Starting at the line below with "LA MISA se realizó con un aforo reducido." and stopping at the line with "FIG. 19. Venezia, Libreria", please print each line exactly, those two included, and skip every picture.

========

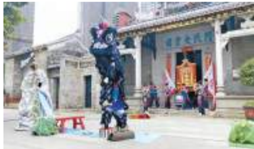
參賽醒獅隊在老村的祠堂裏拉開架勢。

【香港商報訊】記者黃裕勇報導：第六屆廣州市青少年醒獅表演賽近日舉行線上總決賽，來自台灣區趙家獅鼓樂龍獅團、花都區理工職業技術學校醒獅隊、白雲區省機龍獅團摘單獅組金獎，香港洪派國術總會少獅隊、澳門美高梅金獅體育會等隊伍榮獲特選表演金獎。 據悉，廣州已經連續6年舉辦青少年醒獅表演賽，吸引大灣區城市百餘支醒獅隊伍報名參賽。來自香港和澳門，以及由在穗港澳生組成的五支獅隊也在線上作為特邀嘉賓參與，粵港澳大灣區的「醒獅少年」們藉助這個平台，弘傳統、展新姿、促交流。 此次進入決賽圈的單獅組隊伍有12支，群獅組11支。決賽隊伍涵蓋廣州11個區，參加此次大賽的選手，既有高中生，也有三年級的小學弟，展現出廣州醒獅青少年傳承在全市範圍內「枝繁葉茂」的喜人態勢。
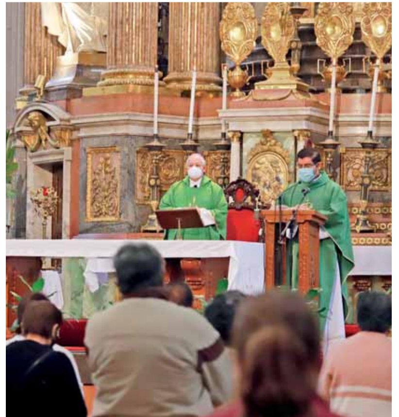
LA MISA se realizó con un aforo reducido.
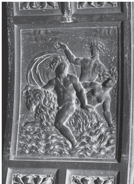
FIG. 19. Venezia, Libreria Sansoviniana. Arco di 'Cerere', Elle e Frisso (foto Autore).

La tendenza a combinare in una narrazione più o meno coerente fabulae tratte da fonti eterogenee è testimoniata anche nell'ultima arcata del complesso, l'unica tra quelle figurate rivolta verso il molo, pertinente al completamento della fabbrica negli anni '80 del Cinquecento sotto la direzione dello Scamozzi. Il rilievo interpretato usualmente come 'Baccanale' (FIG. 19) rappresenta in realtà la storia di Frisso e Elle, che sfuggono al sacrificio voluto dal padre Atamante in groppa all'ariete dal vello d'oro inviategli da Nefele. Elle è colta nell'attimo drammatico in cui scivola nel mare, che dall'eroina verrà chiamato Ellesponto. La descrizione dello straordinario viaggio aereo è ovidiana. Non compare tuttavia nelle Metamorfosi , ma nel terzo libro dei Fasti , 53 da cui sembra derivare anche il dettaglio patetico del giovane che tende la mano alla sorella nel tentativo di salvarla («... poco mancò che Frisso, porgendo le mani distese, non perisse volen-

========

* **ANSWER BOX**:
LA MISA se realizó con un aforo reducido.
FIG. 19. Venezia, Libreria Sansoviniana. Arco di 'Cerere', Elle e Frisso (foto Autore).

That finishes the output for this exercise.